◆ Your objective
From the material below, please set down exactly the lines starting with the one with "Sacola Para Presentes" and going on through the one with "niveau bobo! |", without a single picture.

◆ Records provided
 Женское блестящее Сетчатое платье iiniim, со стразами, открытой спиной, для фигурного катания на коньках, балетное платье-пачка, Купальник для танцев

---

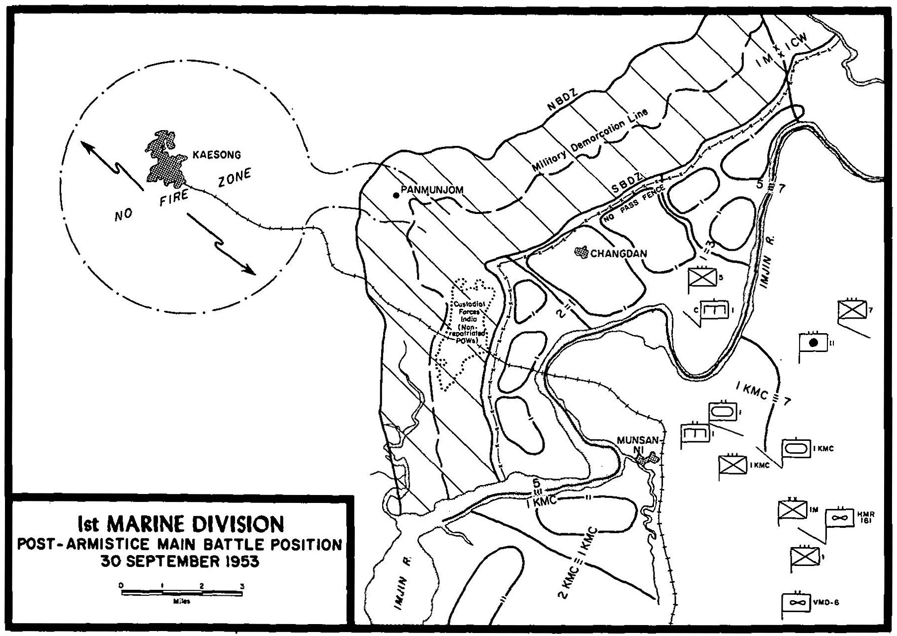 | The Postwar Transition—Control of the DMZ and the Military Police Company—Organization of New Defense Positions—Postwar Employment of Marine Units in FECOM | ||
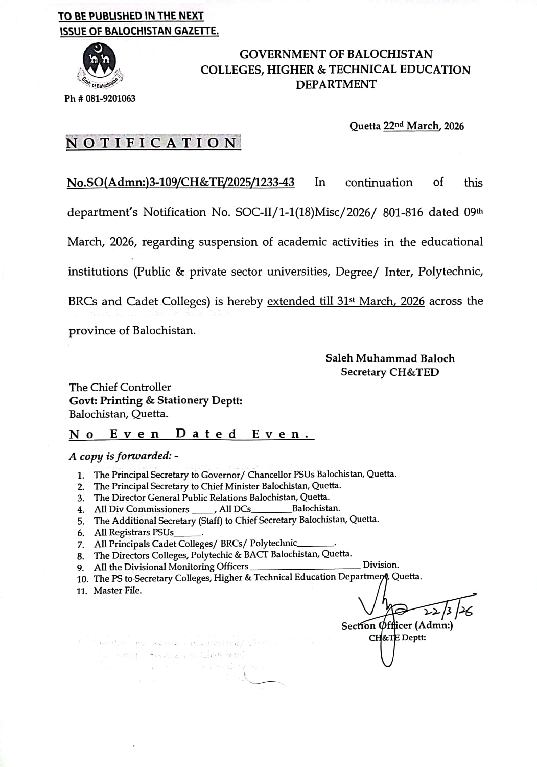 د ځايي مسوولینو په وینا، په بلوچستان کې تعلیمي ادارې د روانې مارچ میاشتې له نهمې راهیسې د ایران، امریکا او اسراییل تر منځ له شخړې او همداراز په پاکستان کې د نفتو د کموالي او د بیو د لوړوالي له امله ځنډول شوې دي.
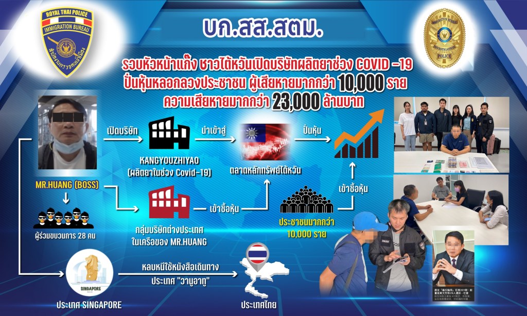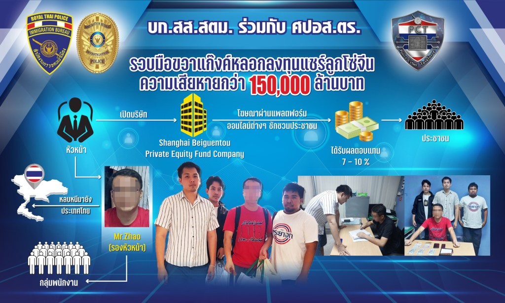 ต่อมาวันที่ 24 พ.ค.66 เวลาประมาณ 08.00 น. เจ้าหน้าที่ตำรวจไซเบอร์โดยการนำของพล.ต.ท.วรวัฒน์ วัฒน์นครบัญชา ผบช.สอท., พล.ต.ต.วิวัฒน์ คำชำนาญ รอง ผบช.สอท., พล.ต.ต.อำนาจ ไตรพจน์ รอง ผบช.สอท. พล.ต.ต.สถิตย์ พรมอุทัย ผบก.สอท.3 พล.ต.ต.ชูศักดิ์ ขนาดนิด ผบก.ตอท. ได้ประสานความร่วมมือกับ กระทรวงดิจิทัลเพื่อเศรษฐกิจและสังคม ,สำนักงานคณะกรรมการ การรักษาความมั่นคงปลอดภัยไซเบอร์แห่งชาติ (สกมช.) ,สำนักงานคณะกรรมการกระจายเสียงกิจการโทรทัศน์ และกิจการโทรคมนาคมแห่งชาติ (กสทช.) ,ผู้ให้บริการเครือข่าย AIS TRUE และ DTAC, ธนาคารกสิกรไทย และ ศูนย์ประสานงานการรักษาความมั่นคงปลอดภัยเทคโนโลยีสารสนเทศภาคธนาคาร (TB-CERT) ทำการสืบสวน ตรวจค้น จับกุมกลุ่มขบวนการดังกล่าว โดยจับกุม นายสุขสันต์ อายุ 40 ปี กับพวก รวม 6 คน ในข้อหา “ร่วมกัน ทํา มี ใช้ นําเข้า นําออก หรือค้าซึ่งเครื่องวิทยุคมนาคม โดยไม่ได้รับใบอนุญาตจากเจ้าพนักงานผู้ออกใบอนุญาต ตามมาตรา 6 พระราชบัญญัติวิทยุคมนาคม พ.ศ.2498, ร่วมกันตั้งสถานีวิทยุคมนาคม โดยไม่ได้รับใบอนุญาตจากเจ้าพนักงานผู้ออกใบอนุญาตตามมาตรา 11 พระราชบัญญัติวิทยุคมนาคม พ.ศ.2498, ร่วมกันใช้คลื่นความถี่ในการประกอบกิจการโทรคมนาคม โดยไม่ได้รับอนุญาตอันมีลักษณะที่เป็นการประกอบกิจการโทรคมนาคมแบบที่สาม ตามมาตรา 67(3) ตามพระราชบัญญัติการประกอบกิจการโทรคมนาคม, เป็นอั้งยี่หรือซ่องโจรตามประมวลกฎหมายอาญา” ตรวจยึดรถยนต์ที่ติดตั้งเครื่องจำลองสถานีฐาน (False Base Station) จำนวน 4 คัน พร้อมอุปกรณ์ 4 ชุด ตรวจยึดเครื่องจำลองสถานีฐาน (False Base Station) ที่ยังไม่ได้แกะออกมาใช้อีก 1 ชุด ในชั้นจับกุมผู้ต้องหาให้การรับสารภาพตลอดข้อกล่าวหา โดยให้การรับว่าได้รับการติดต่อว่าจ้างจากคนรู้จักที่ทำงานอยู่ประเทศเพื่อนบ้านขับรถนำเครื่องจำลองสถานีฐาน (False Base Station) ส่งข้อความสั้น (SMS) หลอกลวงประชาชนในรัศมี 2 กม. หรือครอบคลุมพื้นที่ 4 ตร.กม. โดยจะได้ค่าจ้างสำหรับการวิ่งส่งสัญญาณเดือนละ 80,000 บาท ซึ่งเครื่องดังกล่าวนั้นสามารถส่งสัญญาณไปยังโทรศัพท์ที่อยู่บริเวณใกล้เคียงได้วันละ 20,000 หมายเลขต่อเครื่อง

--

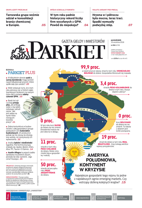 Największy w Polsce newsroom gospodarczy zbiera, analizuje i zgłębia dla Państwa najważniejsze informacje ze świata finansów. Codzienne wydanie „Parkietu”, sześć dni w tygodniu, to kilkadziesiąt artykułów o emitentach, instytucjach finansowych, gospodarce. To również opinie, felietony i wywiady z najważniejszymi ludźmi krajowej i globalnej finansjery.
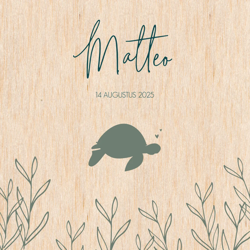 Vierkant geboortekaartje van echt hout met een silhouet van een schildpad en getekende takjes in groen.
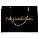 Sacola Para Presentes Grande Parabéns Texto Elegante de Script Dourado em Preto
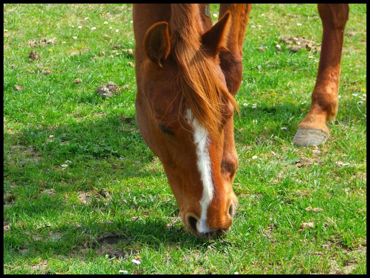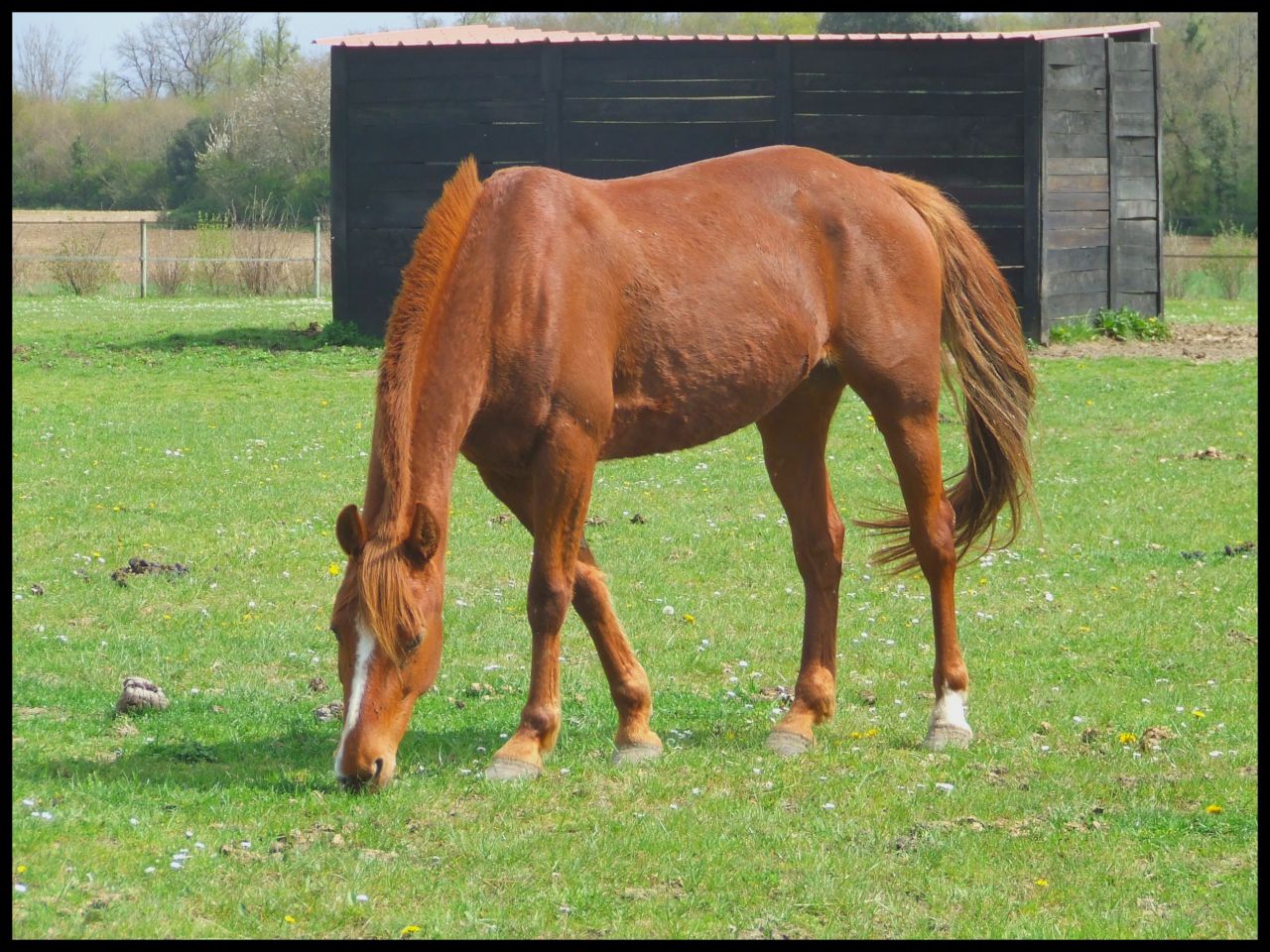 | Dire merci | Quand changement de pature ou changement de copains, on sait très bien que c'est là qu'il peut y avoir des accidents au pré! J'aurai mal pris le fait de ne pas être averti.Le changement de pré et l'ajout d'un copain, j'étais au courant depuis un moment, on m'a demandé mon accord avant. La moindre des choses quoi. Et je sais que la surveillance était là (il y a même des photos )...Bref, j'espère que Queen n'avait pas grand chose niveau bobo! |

◆ Answer section
 Sacola Para Presentes Grande Parabéns Texto Elegante de Script Dourado em Preto
 | Dire merci | Quand changement de pature ou changement de copains, on sait très bien que c'est là qu'il peut y avoir des accidents au pré! J'aurai mal pris le fait de ne pas être averti.Le changement de pré et l'ajout d'un copain, j'étais au courant depuis un moment, on m'a demandé mon accord avant. La moindre des choses quoi. Et je sais que la surveillance était là (il y a même des photos )...Bref, j'espère que Queen n'avait pas grand chose niveau bobo! |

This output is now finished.